I would wager a tasty beverage or a box of donuts that the reason you
seen poor performance with GPFS to a shared file is because your
writes are not aligned to file system block boundaries. On large HPC
systems, the MPI-IO layer will often take care of that file system
block boundary alignment for you -- *if* you turn on collective I/O.

If you are using independent POSIX i/o then there won't be much HDF5
or MPI-IO can do to help you out.

What we are doing is working with The HDF Group to define a work package dubbed "Virtual Datasets" where you can have a virtual dataset in a master file which is composed of datasets in underlying files. It is a bit like extending the soft-link mechanism to allow unions. The method of mapping the underlying datasets onto the virtual dataset is very flexible and so we hope it can be used in a number of circumstances. The two main requirements are:

- The use of the virtual dataset is transparent to any program reading the data later.
- The writing nodes can write their files independently, so don't need pHDF5.

An additional benefit is the data can be compressed, so data rates may be able to be reduced drastically by compression, depending on your situation.

You're proposing something akin to ADIOS, except the interface
continues to be the community-standard HDF5. how interesting!

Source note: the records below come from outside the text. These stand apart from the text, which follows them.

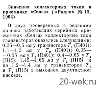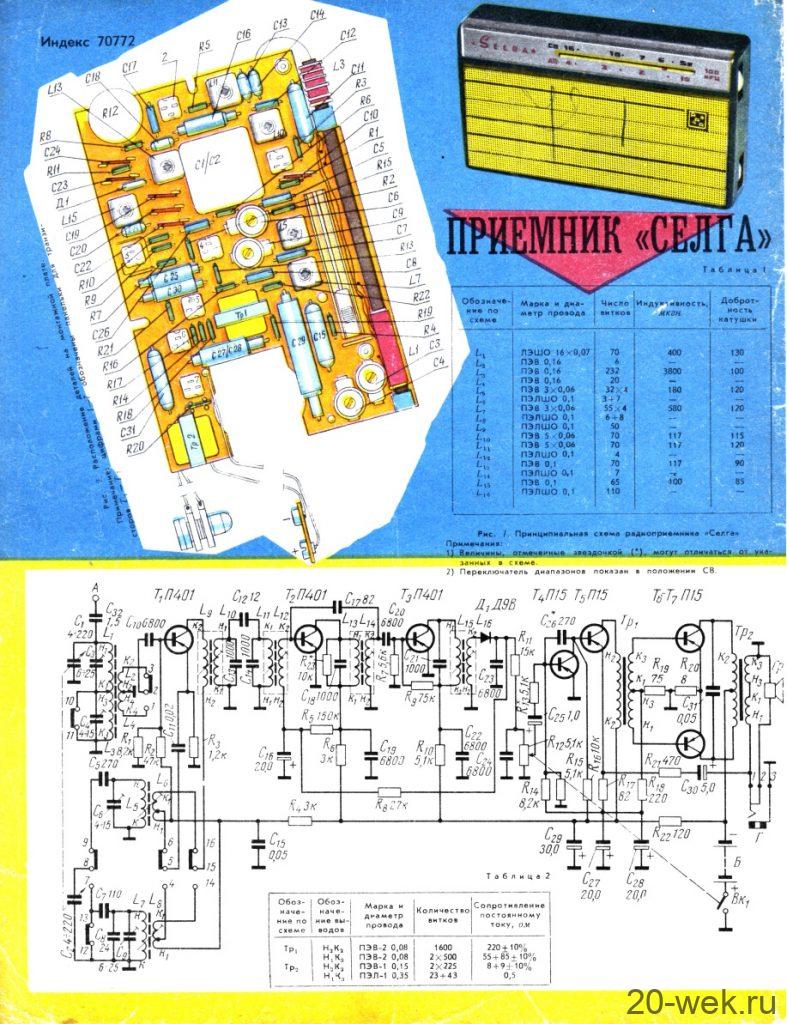 Портативный транзисторный радиоприёмник *Селга* с 1963 года выпускал Рижский радиозавод им. А.С.Попова. Первоначальное оформление приведено на первых фото, с 1964 года оформление было уже привычное. Приёмник экспортировался в ряд стран, поэтому надписи на шкале и на задней стенке были на русском или английском языках, известен вариант с наименованием *Convair*, смотрите три последних фото. В СССР в продаже были оба варианта. Ещё были различия в оформлении шкалы, где вместо надписи **7 transistor** был логотип завода **RRR**. Приёмники 2 варианта оформления выпускались в широкой цветовой гамме в различной комбинации цветов корпуса и задней крышки. Крышка имела белый или салатный цвет, а корпус мог быть чёрным, голубым, красным. В 1967 году радиоприёмник выпускался с табличкой *50 лет Великой Октябрьской революции*, в 1970 с табличкой *В.И.Ленину 100 лет*. Радиоприёмник **Селга** (Селга в переводе с латышского — открытое море) предназначен для радиоприёма в диапазонах ДВ и СВ. Приём осуществляется на внутреннюю магнитную антенну. Реальная чувствительность в диапазоне ДВ 2,0 мВ/м, СВ 1,2 мВ/м. Избирательность по соседнему каналу 30 дБ, зеркальному 26 дБ. Номинальная выходная мощность усилителя 100 мВт. Работает радиоприёмник от батареи Крона или аккумулятора 7Д-0,1, в этом случае к нему придается сетевое зарядное устройство. Продолжительность работы от батареи до 25 часов, аккумулятора до 12 часов. Реальная чувствительность приёмника сохраняется при снижении напряжения питания до 6,3 в, а работоспособность сохраняется до 5,6 в. На боковой стенке радиоприёмника имеются гнёзда для наушников и для внешней антенны. Габариты радиоприёмника 170х99х40 мм. Масса 480 гр. В комплекте радиоприёмника всегда был футляр с ремешком из кожи или заменителя кожи.
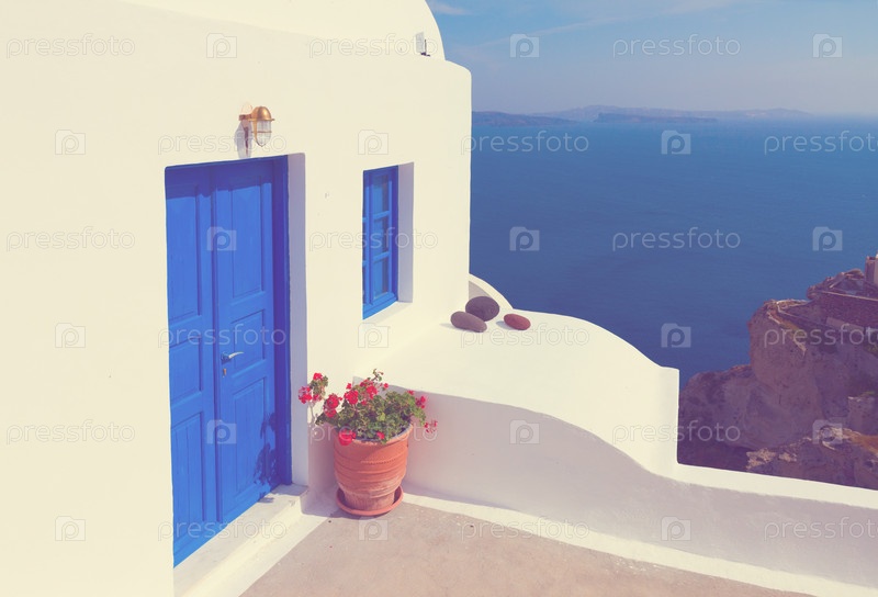 Красивые детали острова Санторини, Греция
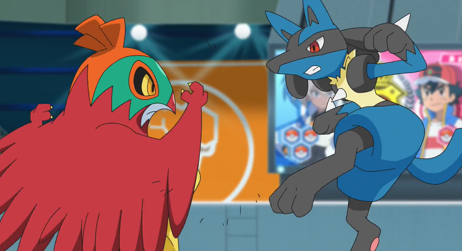 Das Kampf-Flug-Pokémon bremst das heranstürmende Lucario sogleich mit Turmkick und beginnt es mit Flügelschlag zu bearbeiten. Da auch Lucario sich mit Hieben und Tritten wehrt, kommt es zu einem rasanten Schlagabtausch, bei dem sich beide Pokémon neutralisieren. Saida weist Resladero an, Himmelsfeger einzusetzen. Lucario versucht das gegnerische Pokémon noch mit Kraftwelle aufzuhalten, doch Resladero ist bereits in der Luft, um sich spektakulär auf Lucario zu stürzen. Ashs Pokémon braucht etwas, um nach diesem Treffer wieder aufzustehen, ist dann aber entschlossen, weiterzukämpfen. Saida ruft Reladero zurück und schickt mit Machomei bereits ihr drittes Pokémon aufs Feld.
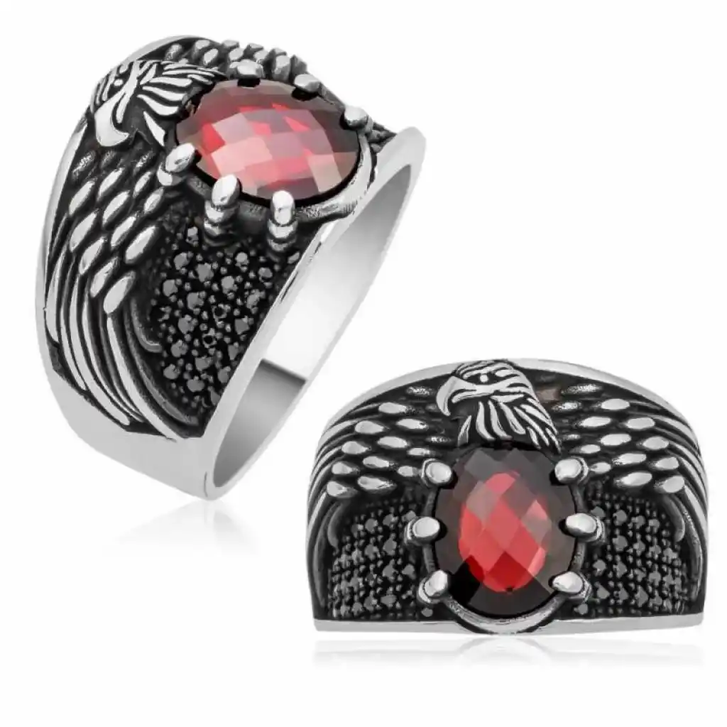 Kuşların kralı olan ve savaşmak üzere dünyaya inen kartal, özellikle savaşçı ve güçlü olmasıyla tanınır; bu yüzden pek çok ulusun sembolü olmuştur. Bu derin anlamdan esinlenerek oluşturulan kartal erkek yüzük; kendinize yada sevdiklerinize doğum gününde, babalar gününde yada özel günlerde hediye edebilirsiniz. Bu şık erkek yüzük 925 ayar gümüşten imal edilmiştir. Gümüş üzerine oksit kaplama yapılmıştır. Oksit kaplama yapılan yüzükler parlaklığını uzun süre muhafaza eder. Üzerinde bulunan kırmızı ve siyah renkli taşlar zirkondur. Tüm erkek yüzüklerde olduğu gibi gümüş kanatlı kartal erkek yüzük de el emeği ile üretilmiştir. Gümüş ve değerli taşlar nedeniyle ürün ağırlığında ± %10 sapma olabilmektedir.
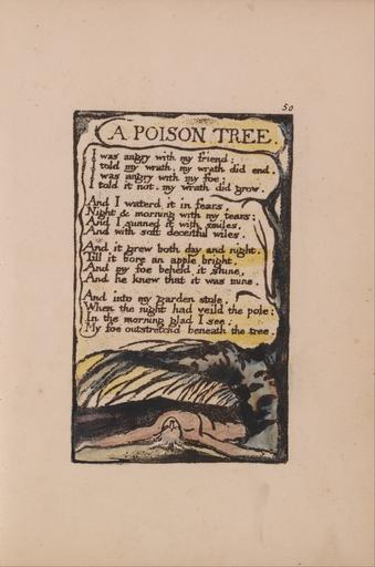 | Keywords: William Blake - Songs of Innocence and of Experience, Plate 50, "A Poison Tree" (Bentley 49) - Google Art Project.jpg print brown pen ink black watercolor paper cream Relief etching printed in dark-brown with pen and black ink and watercolor on moderately thick slightly textured cream wove paper London 1757 London 1827 William male 2369124 Blake British 1757 - 1827 /collection/yale-center-for-british-art/artwork/songs-of-innocence-and-of-experience-plate-50-a-poison-tree-bentley-49-william-blake/2389642/ William Blake Artist /artist/william-blake/4130035/ 4130035 /collection/yale-center-for-british-art/ Yale Center for British Art 2305845 http //britishart yale edu/ 2/23/2012 9 52 47 PM /collection/yale-center-for-british-art/artwork/songs-of-innocence-and-of-experience-plate-50-a-poison-tree-bentley-49-william-blake/2389642/ 1789 1789 to 1794 branches dead man men text trees nude historical subject Relief etching printed in dark-brown with pen and black ink and watercolor on moderately thick slightly textured cream wove paper 111 2389642 False 1794 3/24/2012 4 58 25 PM YCBA/lido-TMS-3773 http //collections britishart yale edu/vufind/Record/1668019 Yale Center for British Art Paul Mellon Collection print 1780 1800 Felpham Creation w70 x h111 cm 1789 to 1794 False 0 662109375 Volume songs-of-innocence-and-of-experience-plate-50-a-poison-tree-bentley-49-william-blake Songs of Innocence and of Experience Plate 50 A Poison Tree Bentley 49 s 70 Inscribed in black ink upper right 50 Inscription _Signed_and_Dated Not signed not dated Not on View Relief etching printed in dark-brown with pen and black ink and watercolor on moderately thick slightly textured cream wove paper branches dead man men text trees nude historical subject special url_id NQFkvbaVV2xLfQ PD-old-100-1923 1827 Songs of Innocence and Experience - Copy L Google Art Project works by William Blake |
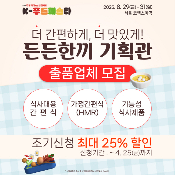 이러한 흐름 속에서 식품 산업 전반의 가치와 가능성을 소비자, 시장, 글로벌 기회와 연결하는 국내 대표 식품 플랫폼 ‘K-푸드페스타 2025’가 오는 8월 29일부터 31일까지 서울 코엑스 마곡 행사장에서 개최된다.
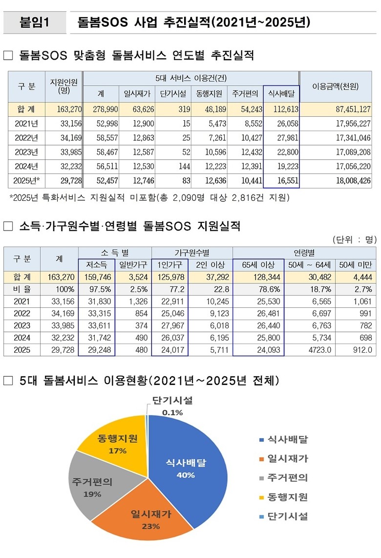 한편, 시는 그동안 돌봄SOS가 도움을 필요로 하는 시민들에게 실질적인 도움이 될 수 있도록 정책을 수정·보완해 왔다.
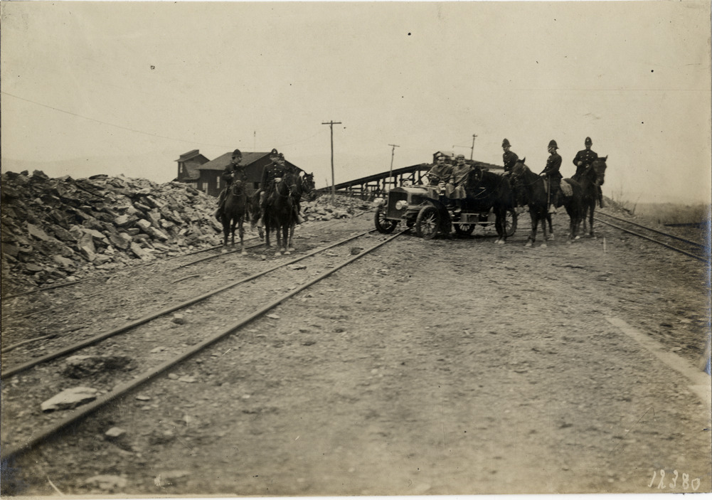 Motorists in 1905 White Steamer automobile with group of mounted police at coal mine, Scranton, Pennsylvania
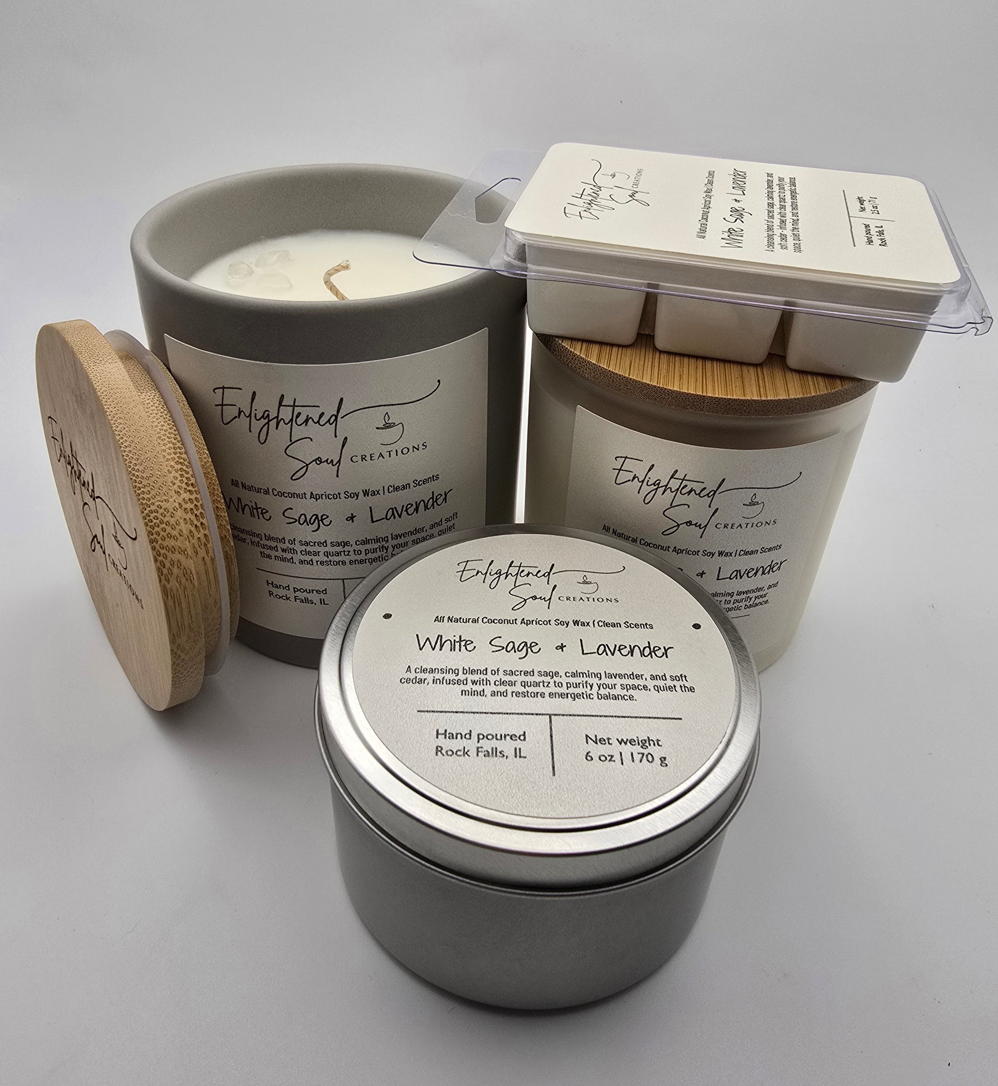 A cleansing blend of sacred sage, calming lavender, and soft cedar—infused with Clear Quartz to purify your space, quiet the mind, and restore energetic balance.
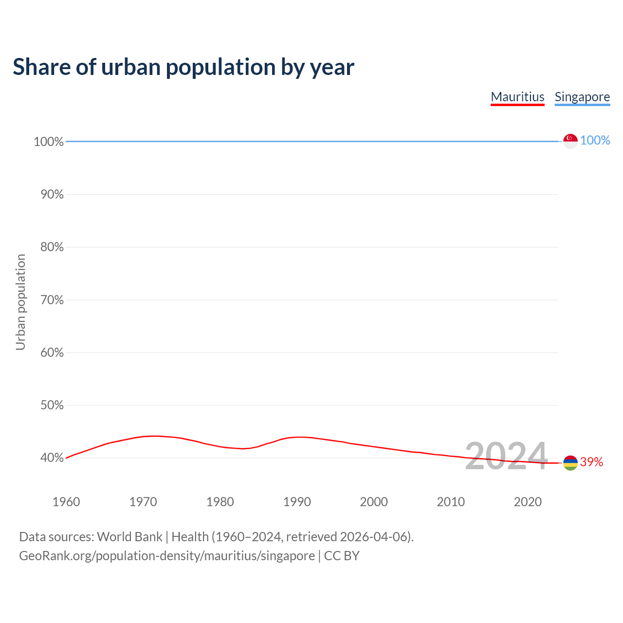 From 2004 to 2024, the share of urban population changed from 41.3% to 39% in Mauritius and from 100% to 100% in Singapore.
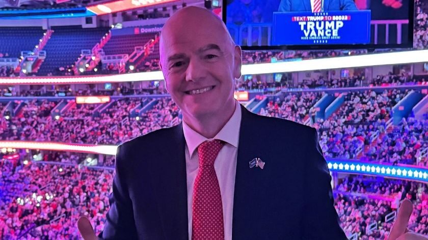 Gianni Infantino, presidente de la FIFA, mostró públicamente su apoyo a Trump. En su publicación en Instagram, aseguró que era un "increíble honor y privilegio", tanto para él como para la FIFA, "ser reconocidos por Trump durante su discurso de victoria en Washington DC". Infantino estuvo sentado cerca de Kamala Harris, Joe Biden y Bill Clinton durante el evento.
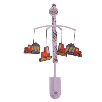 - This Bacati 10-piece Crib Set Includes Reversible Comforter/Playmat (33 x 43 inches), Crib fitted sheet (52 x 28 x 6 inches), Crib Skirt/Dust ruffle (13 inch drop) Diaper Stacker (holds more than 30 newborn diapers), Reversible Long Crib Rail Guard Cover (52 x 12 inches), Window Valance (15 h x 56 w inches with 1.75 inch Rod Pocket), 3 pc Wall Hangings Set and Musical Mobile in fun, colorful and signature prints in 100 percent cotton 200 Thread Count percale fabrics. Designed in United States by Experienced Designers. Many coordinating items available to purchase separately in this Bacati Construction Yellow Orange Blue Gray Bedding Collection.
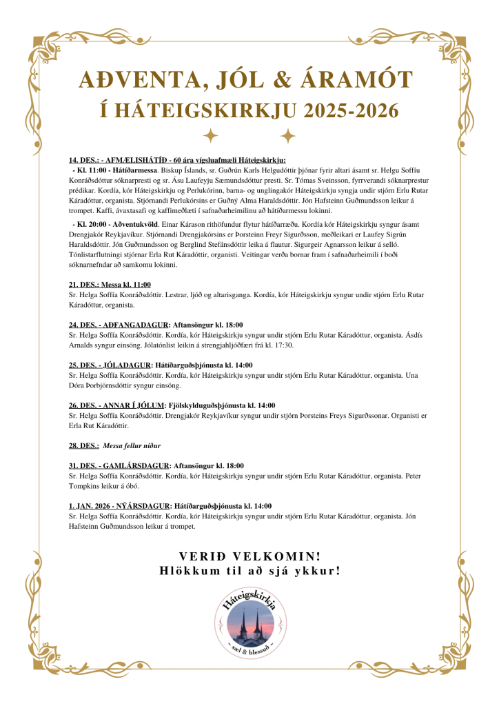 – Kl. 11:00 – HÁTÍÐARMESSA. Biskup Íslands, sr. Guðrún Karls Helgudóttir þjónar fyrir altari ásamt sr. Helgu Soffíu Konráðsdóttur sóknarpresti og sr. Ásu Laufeyju Sæmundsdóttur presti. Sr. Tómas Sveinsson, fyrrverandi sóknarprestur prédikar. Kordía, kór Háteigskirkju og Perlukórinn, barna- og unglingakór Háteigskirkju syngja undir stjórn Erlu Rutar Káradóttur, organista. Stjórnandi Perlukórsins er Guðný Alma Haraldsdóttir. Jón Hafsteinn Guðmundsson leikur á trompet. Kaffi, ávaxtasafi og kaffimeðlæti í safnaðarheimilinu að hátíðarmessu lokinni.
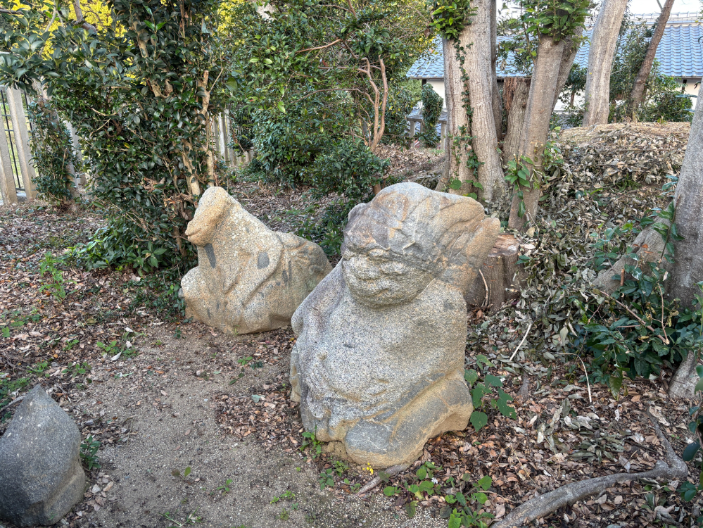 Cuatro estatuas de piedra en el terreno de un túmulo del siglo VII

This approach will make it impossible to benefit from several
collective MPI-I/O optimizations, but it does open the door to another
family of optimizations (one would likely trawl the many ADIOS
publications for ideas).

==rob

--
Rob Latham
Mathematics and Computer Science Division
Argonne National Lab, IL USA

_______________________________________________
Hdf-forum is for HDF software users discussion.
Hdf-forum@lists.hdfgroup.org
http://mail.lists.hdfgroup.org/mailman/listinfo/hdf-forum_lists.hdfgroup.org

--
This e-mail and any attachments may contain confidential, copyright and or privileged material, and are for the use of the intended addressee only. If you are not the intended addressee or an authorised recipient of the addressee please notify us of receipt by returning the e-mail and do not use, copy, retain, distribute or disclose the information in or attached to the e-mail.
Any opinions expressed within this e-mail are those of the individual and not necessarily of Diamond Light Source Ltd.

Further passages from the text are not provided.